Take the line containing "Title (ebay affiliate" and every line below it through the end of the entries, and output them verbatim, pictures excluded.
··· Listed records ···
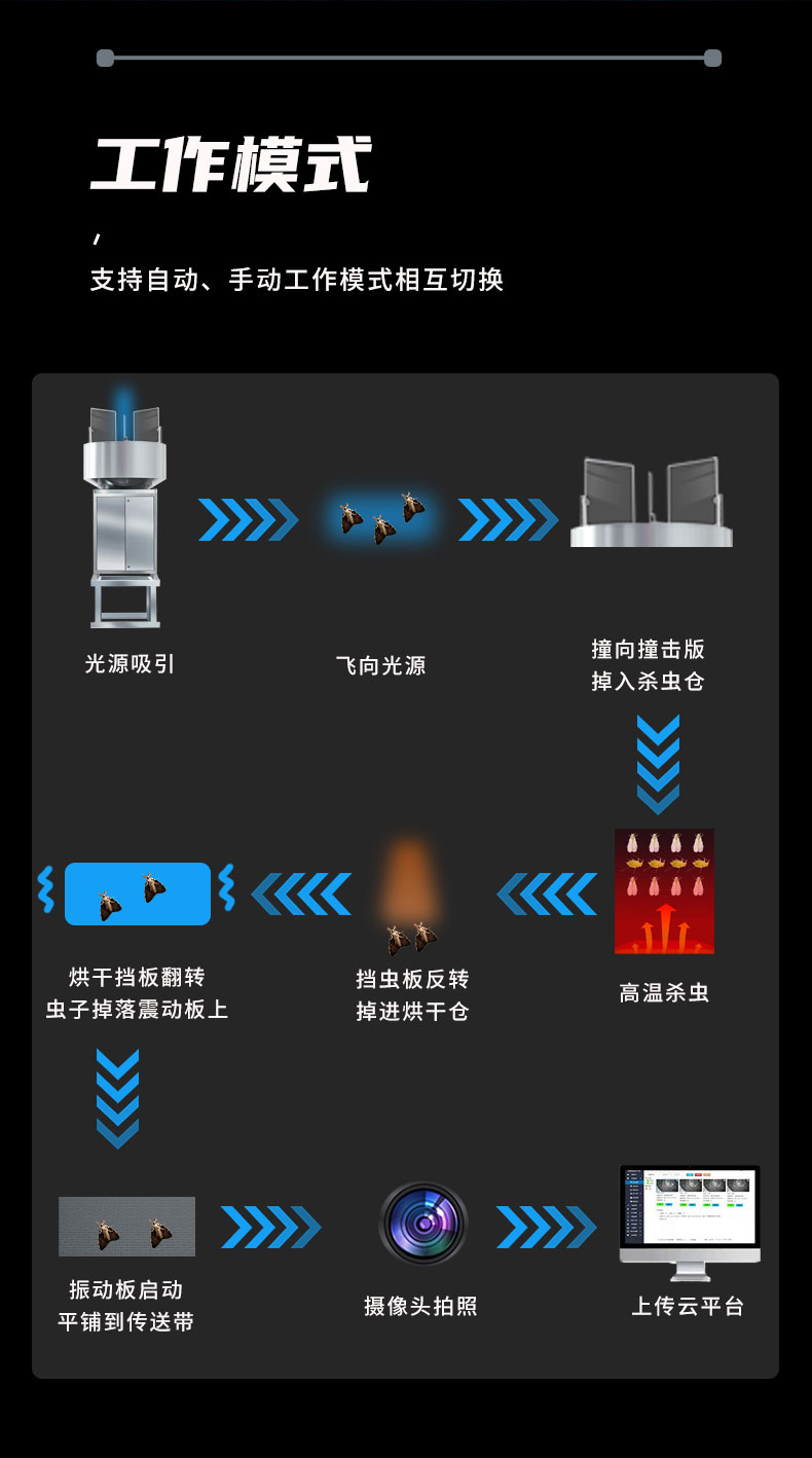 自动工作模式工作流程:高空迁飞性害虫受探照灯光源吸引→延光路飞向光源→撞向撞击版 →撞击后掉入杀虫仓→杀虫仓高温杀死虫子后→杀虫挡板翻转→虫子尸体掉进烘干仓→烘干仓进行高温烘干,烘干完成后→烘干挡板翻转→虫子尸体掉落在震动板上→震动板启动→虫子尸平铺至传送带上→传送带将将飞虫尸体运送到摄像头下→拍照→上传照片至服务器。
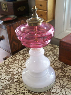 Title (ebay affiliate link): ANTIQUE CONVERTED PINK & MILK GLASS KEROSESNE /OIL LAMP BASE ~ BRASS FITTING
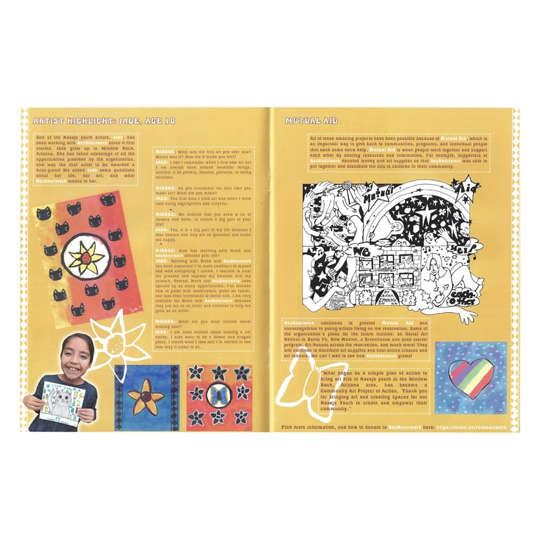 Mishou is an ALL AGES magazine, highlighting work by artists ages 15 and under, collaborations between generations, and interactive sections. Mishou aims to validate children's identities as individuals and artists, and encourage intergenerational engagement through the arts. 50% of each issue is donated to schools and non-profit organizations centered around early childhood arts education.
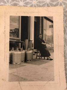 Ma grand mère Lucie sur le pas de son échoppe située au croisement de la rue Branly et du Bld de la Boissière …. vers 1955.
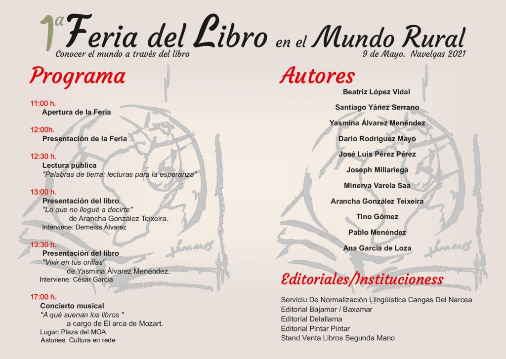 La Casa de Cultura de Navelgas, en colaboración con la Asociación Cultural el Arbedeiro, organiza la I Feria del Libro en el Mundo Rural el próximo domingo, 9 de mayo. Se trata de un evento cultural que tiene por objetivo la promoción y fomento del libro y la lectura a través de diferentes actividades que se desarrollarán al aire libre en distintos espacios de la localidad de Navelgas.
···
Response to the task
 Title (ebay affiliate link): ANTIQUE CONVERTED PINK & MILK GLASS KEROSESNE /OIL LAMP BASE ~ BRASS FITTING
 Mishou is an ALL AGES magazine, highlighting work by artists ages 15 and under, collaborations between generations, and interactive sections. Mishou aims to validate children's identities as individuals and artists, and encourage intergenerational engagement through the arts. 50% of each issue is donated to schools and non-profit organizations centered around early childhood arts education.
 Ma grand mère Lucie sur le pas de son échoppe située au croisement de la rue Branly et du Bld de la Boissière …. vers 1955.
 La Casa de Cultura de Navelgas, en colaboración con la Asociación Cultural el Arbedeiro, organiza la I Feria del Libro en el Mundo Rural el próximo domingo, 9 de mayo. Se trata de un evento cultural que tiene por objetivo la promoción y fomento del libro y la lectura a través de diferentes actividades que se desarrollarán al aire libre en distintos espacios de la localidad de Navelgas.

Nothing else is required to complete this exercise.